To jam or not to jam
I first met Howard Melamed in 2005 during the APCO show in Denver. He was already deep into his one-man crusade to urge the FCC to allow public safety to use jamming devices to ward off the dangers of cell-phone-triggered explosives.
The CEO and president of CellAntenna was quite passionate and spoke seemingly a million words a minute during our meeting, stressing that improvised explosive devices (IEDs) were the weapon of choice among terrorists. Three years later, his passion hasn’t waned, despite the fact that he can’t get the FCC to see his point of view.
It’s illegal to use any radio-frequency jamming equipment by private and public organizations. The law has been in place since 1934. CellAntenna mounted a judicial challenge to the constitutionality of the law in 2005, seeking to allow the use of cellular jamming equipment by state and local governments and first responders. It was unsuccessful as the court said it didn’t have jurisdiction. CellAntenna has now filed for a petition for rulemaking with the FCC to allow state and local governments to use jamming equipment.

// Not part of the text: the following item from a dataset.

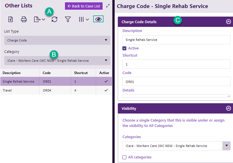 - You can view all charge codes in the list or only those linked to a certain category.

Public-safety groups have filed petitions with the FCC over the matter too, including the GEO Group, which manages prisons around the country. It wants the FCC to allow state and local prisons to jam cell phone signals. Apparently cell phone smuggling in prisons has become a growing problem as criminals use them to traffic drugs, arrange murders or just gab for hours. Most recently, a Texas death row inmate used an illegal cell phone to threaten state Sen. John Whitmire, D-Houston, the chairman of the Senate Criminal Justice Committee, which oversees prison operations.
The Cellular Telecommunications & Internet Association (CTIA) opposes the idea of cell-phone jamming, saying the practice would have unintended implications, such as jamming up 911 calls and of course disrupting cell-phone signals for millions of customers which in turn could disrupt the businesses of the mobile-phone operators they represent.
Yet on Friday, Melamed and company plan to demonstrate CellAntenna’s jamming technology at a South Carolina prison, risking enforcement action by the FCC that could include $16,000 a day in fines. CTIA is urging the government to put a stop to the event. CellAntenna insists that its jamming technology has the ability to disable communications only within a certain area, without jamming signals of nearby users.
The reality is that the issue can’t be ignored. As cell phones continue to proliferate, so will the ways they can threaten the public’s safety, as well as those sworn to serve and protect. The FCC claims it doesn’t have the authority to grant waivers to state and local entities, only to federal agencies and only in extreme cases when the public is in imminent danger. Will it take an act of Congress?
All I know is that it’s time to begin exploring ways public safety can stop nefarious uses of cell phones, whether that’s cell-phone jamming or other technology such one promoted by Tecore Networks. It has developed selective call processing that restricts calls by differentiating user groups and enabling policies for each.
The wireless industry is full of intelligent folks. It shouldn’t be impossible to come up with solutions that don’t harm legitimate uses of cell phones. They just need the freedom to do so.